Serving on a interface that isn't specified inside the configuration file

[Starz0r]

Before, I was not really sure where to post this between Caddy, Portainer, Let's Encrypt forums, and here, but I think after my findings today, I think opening the issue here is the best course of action.

Currently I'm experiencing an issue where using this image in Docker deployed from a Portainer interface gives me some issues, and has the Caddy executable exiting even though my certificates are returned successfully. I can successfully reproduce the issue on an DigitalOcean droplet on Debian 9.5 for x86-64 by pulling the image and running it, then editing the Caddyfile as follows and restarting the container.

docker.domain.tld {
     tls username@domain.tld

     proxy / localhost:port {
          transparent
          websocket
     }
}

Restarting with this configuration yields the following issue that ends up in the logfile.

urn:ietf:params:acme:error:malformed - Error creating new order :: DNS name does not have enough label

This error is pretty generic, and searching around for it yield not many result. But after many hours researching and asking around I came to the conclusion that this error is from this image ignoring some of my Caddyfile settings. When I attach a shell to the container and look for my certs, I can find that they are sent over successfully, meaning there is no issue there, so it seems that this image might have some defaults of it's own that still have some priority.

I have a big suspicion that this image is requesting a cert for either localhost or 0.0.0.0 or 127.0.0.1, which are all invalid by ACME standards. I'm not really sure why this is, even after I set my own Caddyfile which removes the 0.0.0.0 entry from the top of the file. Is there any way I can prevent it from attempting to register an invalid domain name? Everytime it does this, Caddy exits instead of just staying alive and not serving requests to that IP, meaning it will never actually try serving from interfaces I actually want.

[abiosoft]

Hmmm. The image has a default Caddyfile at /etc/Caddyfile and that can easily be overridden by mounting yours in the same path or specifying the --conf flag.

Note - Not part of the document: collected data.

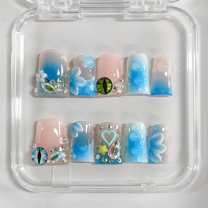 Handmade Press on Nails Short Duck 3D Floral Thick Acrylic Fake Nails French Tip False Nails with Rhinestones Flower Eyes Charms Designs Nail Blue Sturdy Art Press on Nail 10Pcs(M)
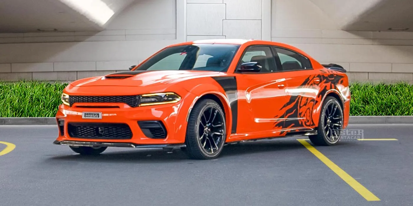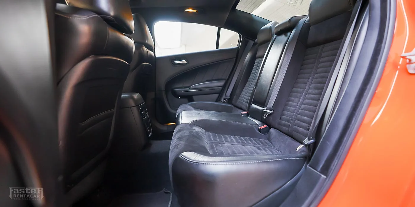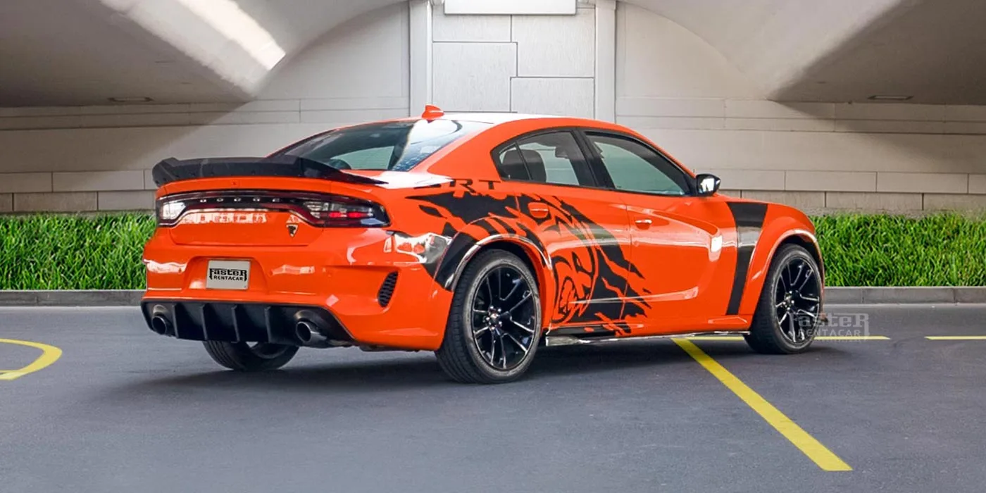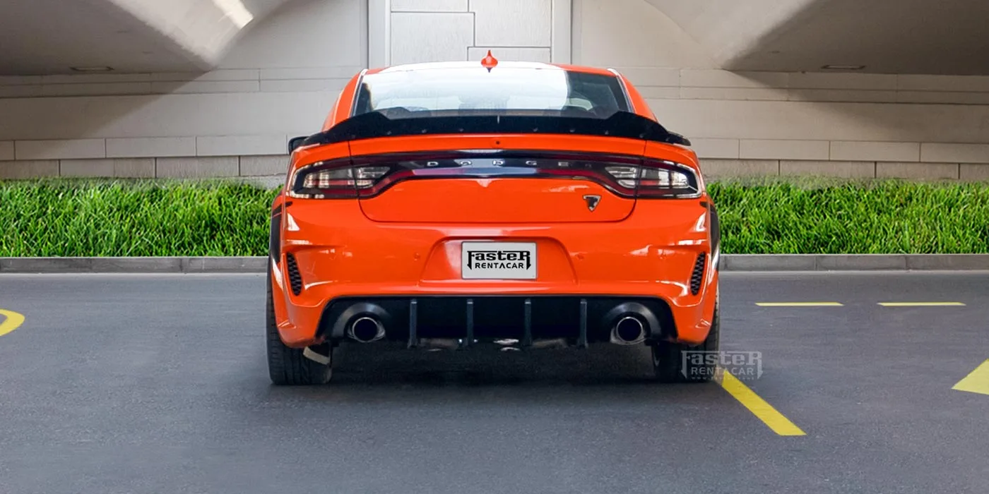 . دودج تشارجر البرتقالي ( Dodge Charger RT V8 2020 ), سيارات رياضية مُدرجة من قبل درايف اسكوير لتأجير السيارات. - 4-أبواب سيارات رياضية تتسع لـ 2 ركاب و 2 حقيبة (حقائب) متوسطة الحجم.
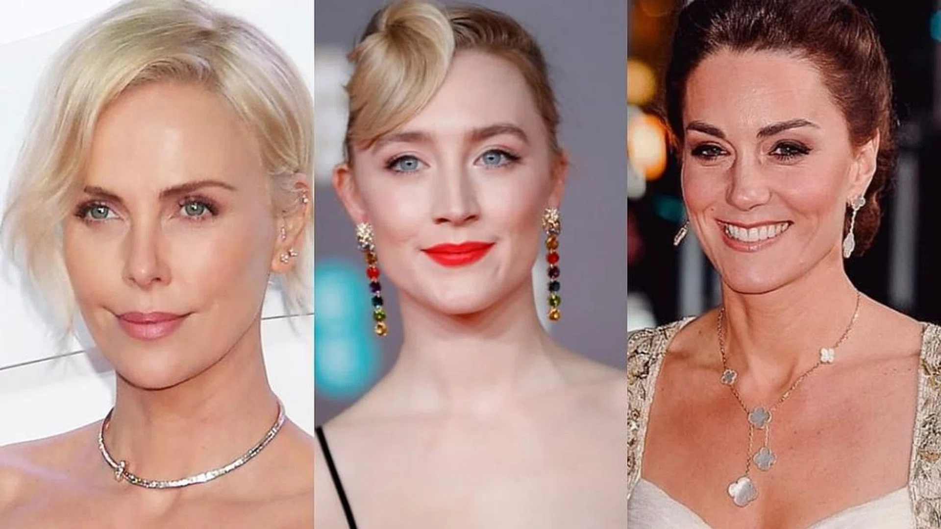 If you’re recreating this look, don’t forget to use a small brush to dust your lower lashline with a lighter shade of pink. Finish your eye look with a volumising mascara for some luscious lashes that’ll stay on all night. And if you’re game, use a bronzing palette to contour your nose like Charlize did to make it look sharper and more defined.
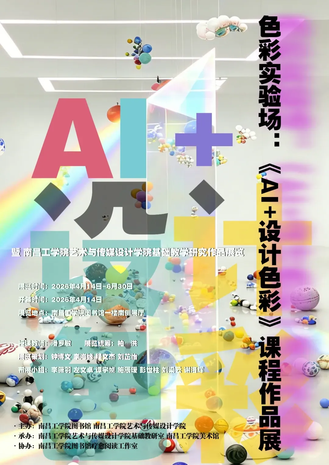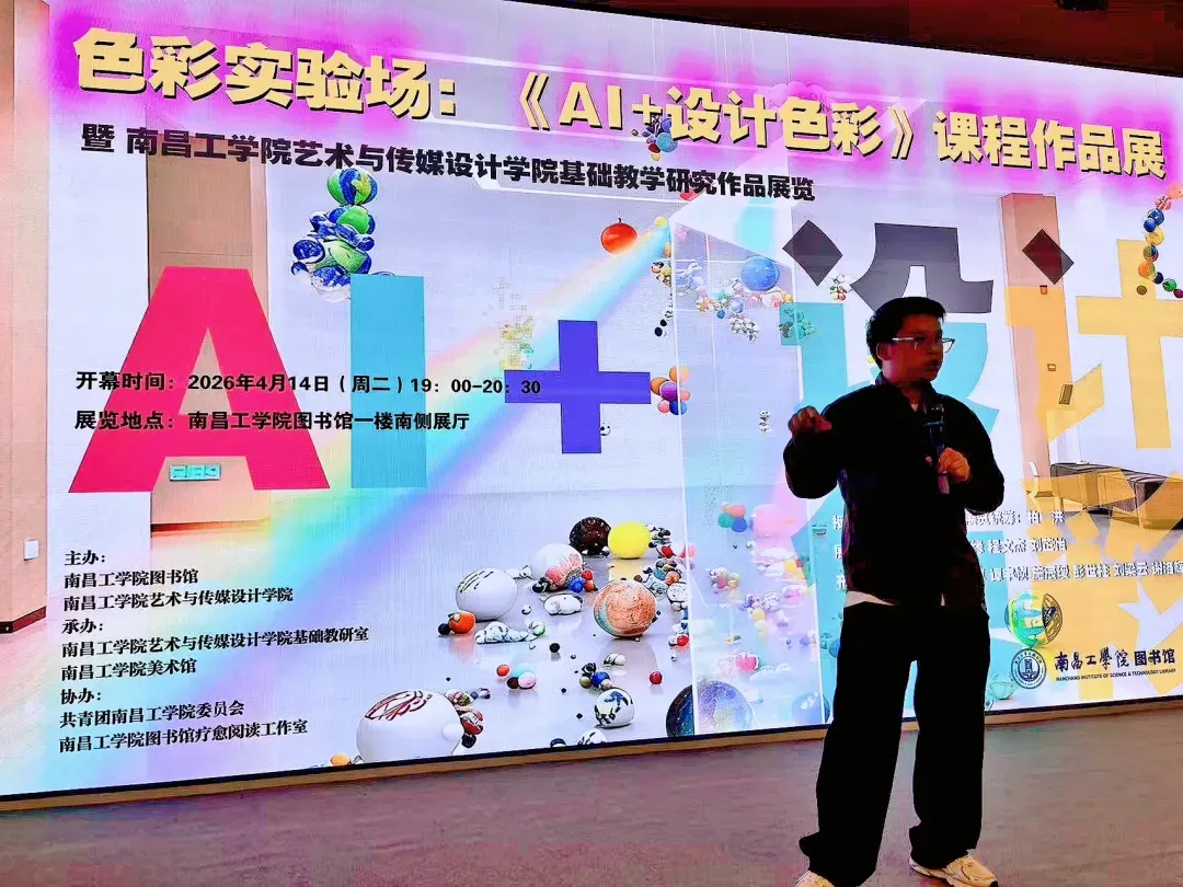 2026年4月,由南昌工学院图书馆与艺术与传媒设计学院联合主办,南昌工学院艺术与传媒设计学院基础教研室、南昌工学院美术馆承办,南昌工学院图书馆疗愈阅读工作室协办的“色彩实验场:《AI+设计色彩》课程作品展”,在图书馆一楼南侧美术馆顺利开展。
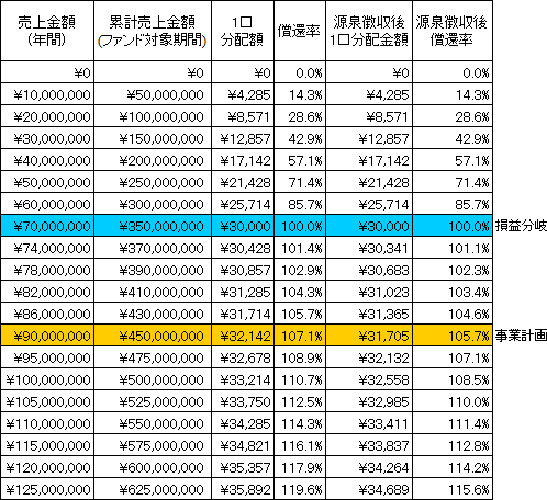 本匿名組合契約における金銭による分配金額のシミュレーションは以下のとおりです。なお、シミュレーションの目的は、本匿名組合事業の売上に応じた分配金額を予想することにあります。したがって、売上を保証するものではなく、匿名組合員に対し、分配金額を保証するものでもありません。
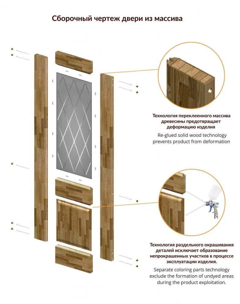 Вся конструкция двери полностью сборная, каждая деталь окрашена индивидуально, поэтому при сезонных перепадах температуры, никогда не проявятся неокрашенные участки филенки. Филенки объемные 30 мм.
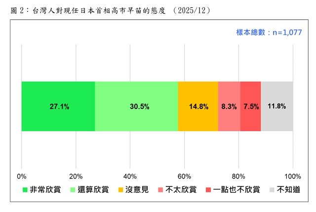 民調結果顯示,27.1%非常欣賞、30.5%還算欣賞、8.3%不太欣賞、7.5%一點也不欣賞、14.8%沒意見、11.8%不知道。最新民意顯示,二十歲以上台灣人,五成八欣賞高市早苗,一成六不欣賞,二成七沒意見、不知道。
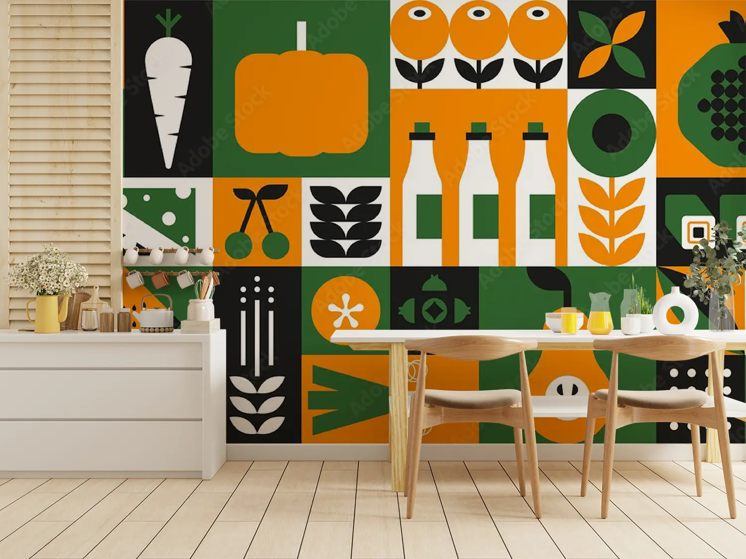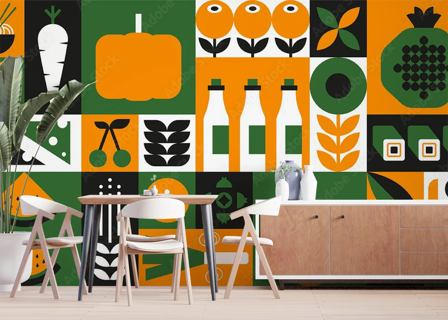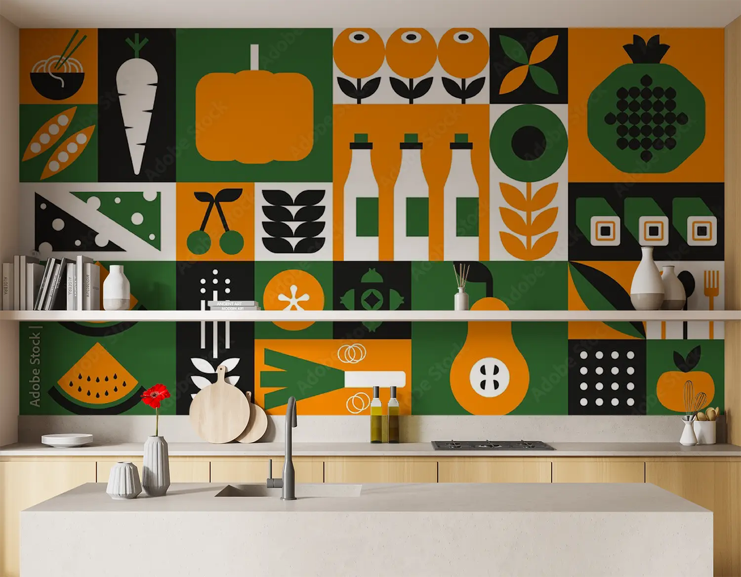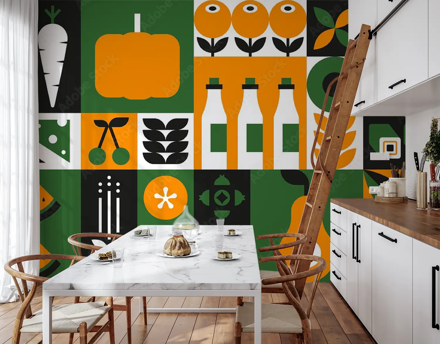 Elevate your home decor with this captivating wall art featuring a variety of food items in a square pattern. The colorful design includes bottles of milk, fruits, and vegetables, creating a visually appealing aesthetic. Complementary colors such as green, orange, and yellow add a lively touch to any room. Perfect for food enthusiasts and art lovers alike.

How are you starting the docker container, are you using a compose file?

[Starz0r]

I'm editing the default Caddyfile at /etc/Caddyfile with my desired settings.

The Docker container is started as normal from pulling it and just running it with all the default commandline arguments the image came with (although ACME-AGREE is set to true here).

[abiosoft]

I'm editing the default Caddyfile at /etc/Caddyfile with my desired settings.

Just for clarity, how are you doing this? Do you have the path mounted as a volume?

[Starz0r]

I attach a shell (standard sh in this instance), and used a TUI Text Editor like GNU Nano to edit the file with the proper correct settings. However, this has the side effect of not be "consistent" in the ways I listed in the Original Post, as it still attempts to serve from 0.0.0.0, despite no longer present in the Caddyfile.

[abiosoft]

The reason I'm asking is that attaching a shell after starting the container is not gonna have an effect. Caddy has already started with the Caddyfile on disk before your edits. Except you restarted Caddy afterwards or you start Caddy inside the attached shell.

[Starz0r]

I'm not sure what you are getting at.

Are you saying that editing the config file at /etc/Caddyfile, then restarting the container so changes take effect is not the recommended way to do this? (Despite that the changes go through, it's just the fact that 0.0.0.0 persists regardless).

[Starz0r]

@abiosoft Yeah, it's an issue with this container. I decided to do a test by manually by obtaining the certificates and keyfile by hand, then asking Caddy to load it instead of giving it my email. The default behavior would be for this to successfully load my certs, then do nothing else, instead it loads my certs successfully AND does something else, which I'm not entirely sure of. I think it's trying to grab a certificate for 0.0.0.0, but Let's Encrypt isn't keen on giving me the info on what site was attempted or what the info on the attempt was.

So yeah, it's something with the default behavior on this container. I hope this can be fixed soon!

[Starz0r]

It appears that it is an issue with Global Directives since as soon as a Scoped Directive is brought in, it no longer works and causes some odd behavior. The maintainers over at mholt/caddy have assured me that this isn't a "bug" but just how directives work https://github.com/mholt/caddy/issues/2314.

I'm rather skeptical of not calling it a bug, as it produces unwanted behavior, but since I've resolved the issue, I see there is no point to keep this GitHub Issue open.

[francislavoie]

@Starz0r Just for next time, I suggest you post your full Caddyfile when opening issues like this one, it would've been simple to spot what the problem was and I'm sure @abiosoft would've pointed it out if you included your error/log directives. If you don't give the full picture it becomes hard to guess what might've gone wrong because we have to make assumptions based on the info you provided. Glad we found your issue eventually though!